**DATASET CONTENT:**
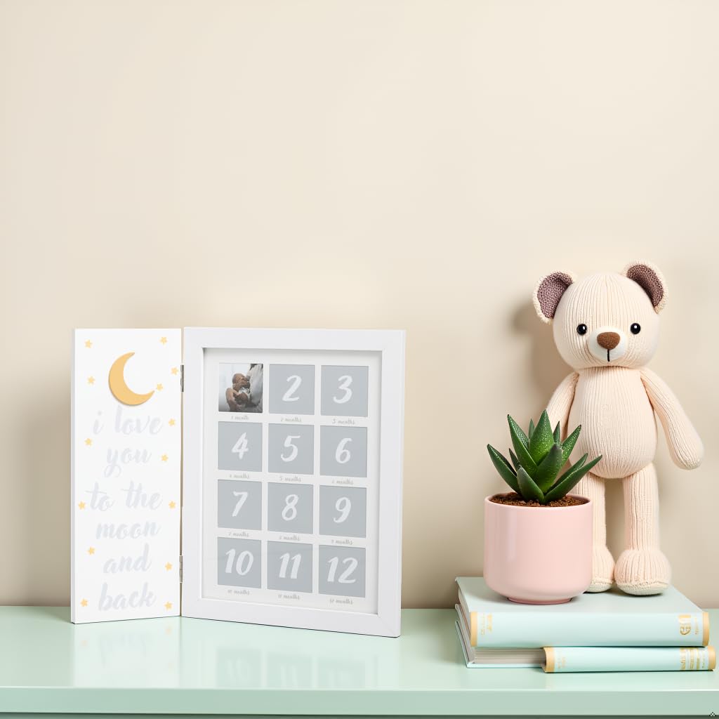 Celebrate your baby’s first year with Little Blossoms First Year Collage Baby Keepsake Frame. This beautifully crafted hinged tabletop frame features the heartfelt phrase, “I love you to the moon and back” alongside a moon and stars design. This collage photo frame holds your baby’s monthly milestone photos from “1 month” to “12 months” to easily see your baby’s growth from newborn to 1 year old. Perfect for baby girls and baby boys, this white and gray frame matches any nursery room décor or home décor. The tabletop picture frame stands securely on any desk, mantel, shelf, or nightstand. This baby photo frame makes a special gift for new and expecting parents, add it to your baby registry list for a baby shower gift you will cherish for years to come. Celebrate your baby’s precious milestones and decorate your newborn’s nursery with this unique and touching keepsake frame. Frame Size: 10.625” H x 12.625” W Photo Inserts: 2” x 2”
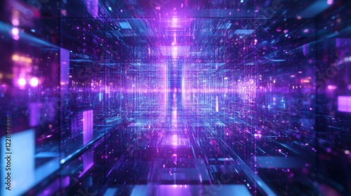 © Nayyab, Fototapeta premium Abstract blue and purple technology background with circuitry, digital connections, and glowing lines representing high-tech innovation and futuristic digital desi
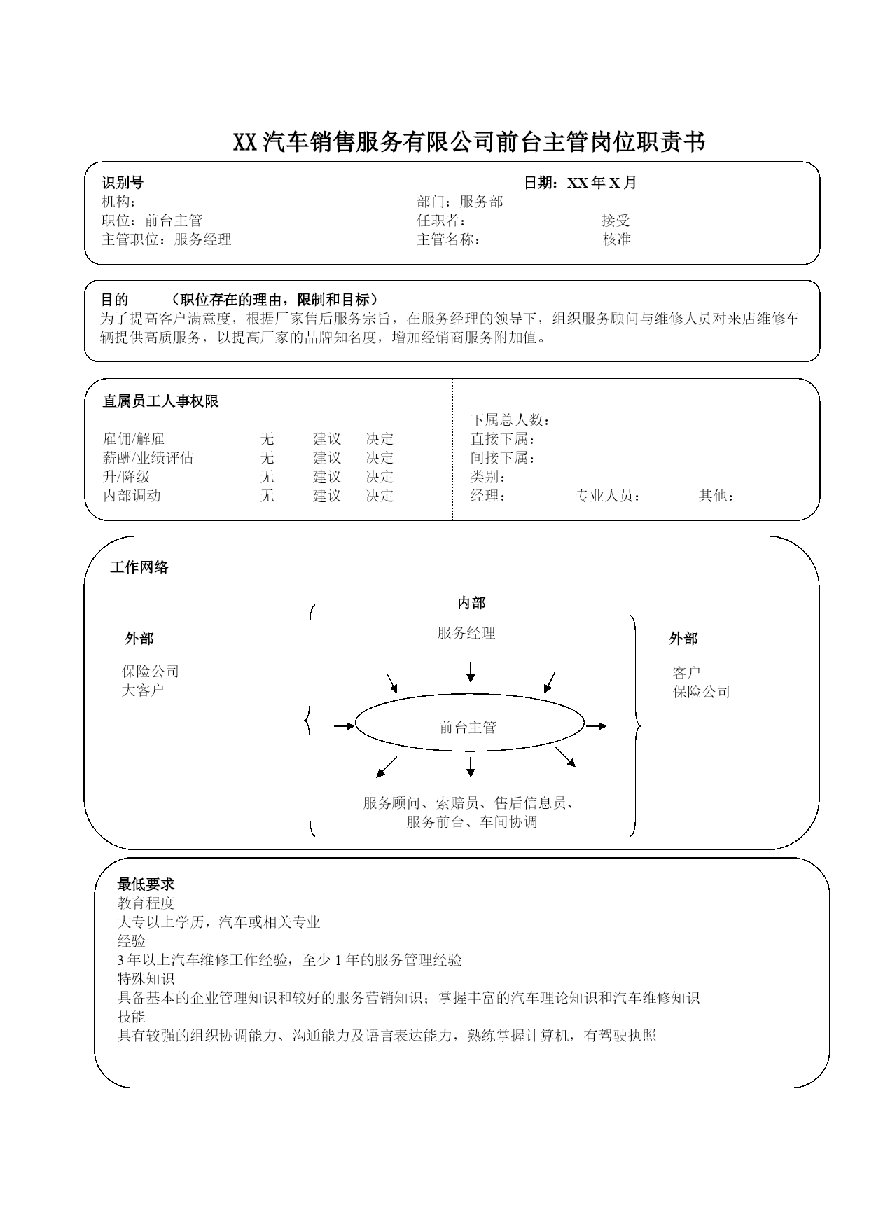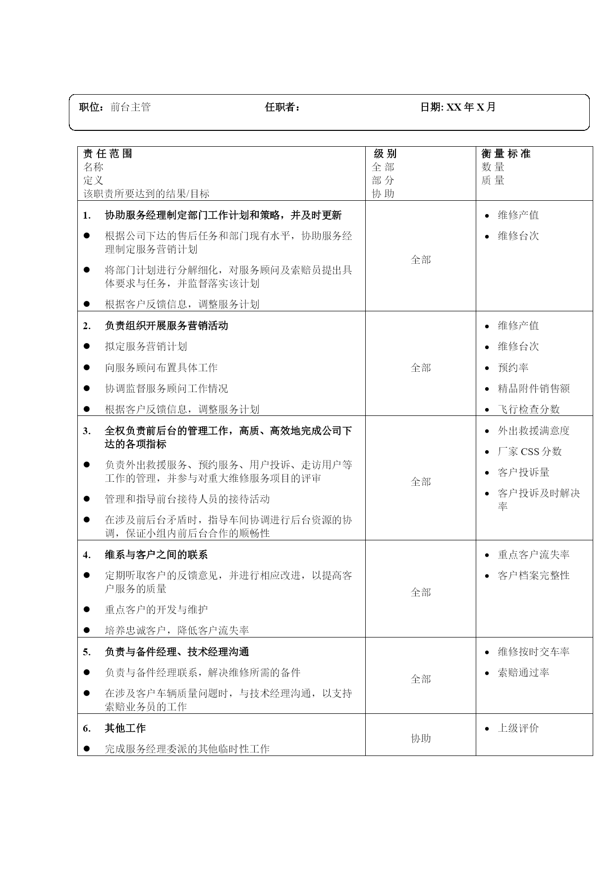 WilliamM.Mercer,Incorporated1166AvenueoftheAmericasNewYork,NY10036212/3457000XX汽车销售服务有限公司前台主管岗位职责书识别号日期:XX年X月机构:部门:服务部职位:前台主管任职者:接受主管职位:服务经理主管名称:核准目的(职位存在的理由,限制和目标)为了提高客户满意度,根据厂家售后服务宗旨,在服务经理的领导下,组织服务顾问与维修人员对来店维修车辆提供高质服务,以提高厂家的品牌知名度,增加经销商服务附加值。直属员工人事权限下属总人数:雇佣/解雇无建议决定直接下属:薪酬/业绩评估无建议决定间接下属:升/降级无建议决定类别:内部调动无建议决定经理:专业人员:其他:工作网络内部外部外部服务经理保险公司大客户客户保险公司前台主管服务顾问、索赔员、售后信息员、服务前台、车间协调最低要求教育程度大专以上学历,汽车或相关专业经验3年以上汽车维修工作经验,至少1年的服务管理经验特殊知识具备基本的企业管理知识和较好的服务营销知识;掌握丰富的汽车理论知识和汽车维修知识技能具有较强的组织协调能力、沟通能力及语言表达能力,熟练掌握计算机,有驾驶执照职位:前台主管任职者:日期:XX年X月责任范围名称定义该职责所要达到的结果/目标级别全部部分协助衡量标准数量质量协助服务经理制定部门工作计划和策略,并及时更新根据公司下达的售后任务和部门现有水平,协助服务经理制定服务营销计划将部门计划进行分解细化,对服务顾问及索赔员提出具体要求与任务,并监督落实该计划根据客户反馈信息,调整服务计划全部维修产值维修台次负责组织开展服务营销活动拟定服务营销计划向服务顾问布置具体工作协调监督服务顾问工作情况根据客户反馈信息,调整服务计划全部维修产值维修台次预约率精品附件销售额飞行检查分数全权负责前后台的管理工作,高质、高效地完成公司下达的各项指标负责外出救援服务、预约服务、用户投诉、走访用户等工作的管理,并参与对重大维修服务项目的评审管理和指导前台接待人员的接待活动在涉及前后台矛盾时,指导车间协调进行后台资源的协调,保证小组内前后台合作的顺畅性全部外出救援满意度厂家CSS分数客户投诉量客户投诉及时解决率维系与客户之间的联系定期听取客户的反馈意见,并进行相应改进,以提高客户服务的质量重点客户的开发与维护培养忠诚客户,降低客户流失率全部重点客户流失率客户档案完整性负责与备件经理、技术经理沟通负责与备件经理联系,解决维修所需的备件在涉及客户车辆质量问题时,与技术经理沟通,以支持索赔业务员的工作全部维修按时交车率索赔通过率其他工作完成服务经理委派的其他临时性工作协助上级评价
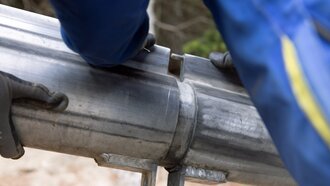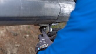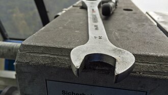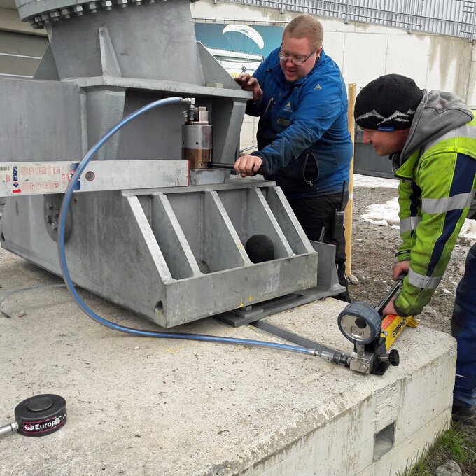 Diverse Hilfsmittel kommen zum Einsatz, um die Tonnen in Bewegung zu versetzen. Auf das überstehende Gewinde wird ein sogenannter Überspannzylinder aufgedreht. Der hydraulische Druck wird anschließend von einer Hydraulikpumpe aufgebracht.
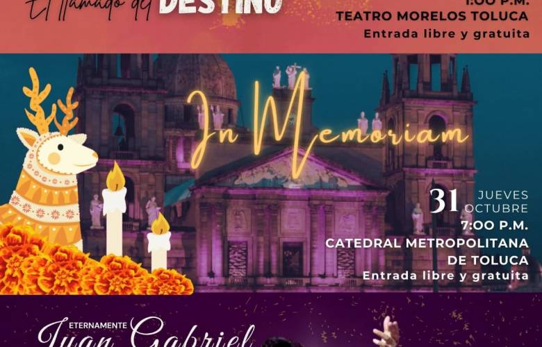La celebración continuará el jueves 31 de octubre con In Memoriam en la Catedral a las 19:00, un homenaje a las personas que ya no se encuentran con nosotros pero que las recordamos con cariño y amor; mientras que el 2 de noviembre, las familias toluqueñas y visitantes podrán disfrutar de las mejores canciones del Divo de Juárez con el espectáculo Eternamente Juan Gabriel con las voces de Ana Casillas y Harold Guerra en el Teatro Morelos, a las 19:00.

**TASK DESCRIPTION:** Print everything from the line with "futuristic digital desi" down to the line with "Diverse Hilfsmittel kommen" in the entries above, both lines included and nothing more, without the pictures.

**TASK RESULT:**
 © Nayyab, Fototapeta premium Abstract blue and purple technology background with circuitry, digital connections, and glowing lines representing high-tech innovation and futuristic digital desi
 WilliamM.Mercer,Incorporated1166AvenueoftheAmericasNewYork,NY10036212/3457000XX汽车销售服务有限公司前台主管岗位职责书识别号日期:XX年X月机构:部门:服务部职位:前台主管任职者:接受主管职位:服务经理主管名称:核准目的(职位存在的理由,限制和目标)为了提高客户满意度,根据厂家售后服务宗旨,在服务经理的领导下,组织服务顾问与维修人员对来店维修车辆提供高质服务,以提高厂家的品牌知名度,增加经销商服务附加值。直属员工人事权限下属总人数:雇佣/解雇无建议决定直接下属:薪酬/业绩评估无建议决定间接下属:升/降级无建议决定类别:内部调动无建议决定经理:专业人员:其他:工作网络内部外部外部服务经理保险公司大客户客户保险公司前台主管服务顾问、索赔员、售后信息员、服务前台、车间协调最低要求教育程度大专以上学历,汽车或相关专业经验3年以上汽车维修工作经验,至少1年的服务管理经验特殊知识具备基本的企业管理知识和较好的服务营销知识;掌握丰富的汽车理论知识和汽车维修知识技能具有较强的组织协调能力、沟通能力及语言表达能力,熟练掌握计算机,有驾驶执照职位:前台主管任职者:日期:XX年X月责任范围名称定义该职责所要达到的结果/目标级别全部部分协助衡量标准数量质量协助服务经理制定部门工作计划和策略,并及时更新根据公司下达的售后任务和部门现有水平,协助服务经理制定服务营销计划将部门计划进行分解细化,对服务顾问及索赔员提出具体要求与任务,并监督落实该计划根据客户反馈信息,调整服务计划全部维修产值维修台次负责组织开展服务营销活动拟定服务营销计划向服务顾问布置具体工作协调监督服务顾问工作情况根据客户反馈信息,调整服务计划全部维修产值维修台次预约率精品附件销售额飞行检查分数全权负责前后台的管理工作,高质、高效地完成公司下达的各项指标负责外出救援服务、预约服务、用户投诉、走访用户等工作的管理,并参与对重大维修服务项目的评审管理和指导前台接待人员的接待活动在涉及前后台矛盾时,指导车间协调进行后台资源的协调,保证小组内前后台合作的顺畅性全部外出救援满意度厂家CSS分数客户投诉量客户投诉及时解决率维系与客户之间的联系定期听取客户的反馈意见,并进行相应改进,以提高客户服务的质量重点客户的开发与维护培养忠诚客户,降低客户流失率全部重点客户流失率客户档案完整性负责与备件经理、技术经理沟通负责与备件经理联系,解决维修所需的备件在涉及客户车辆质量问题时,与技术经理沟通,以支持索赔业务员的工作全部维修按时交车率索赔通过率其他工作完成服务经理委派的其他临时性工作协助上级评价
 Diverse Hilfsmittel kommen zum Einsatz, um die Tonnen in Bewegung zu versetzen. Auf das überstehende Gewinde wird ein sogenannter Überspannzylinder aufgedreht. Der hydraulische Druck wird anschließend von einer Hydraulikpumpe aufgebracht.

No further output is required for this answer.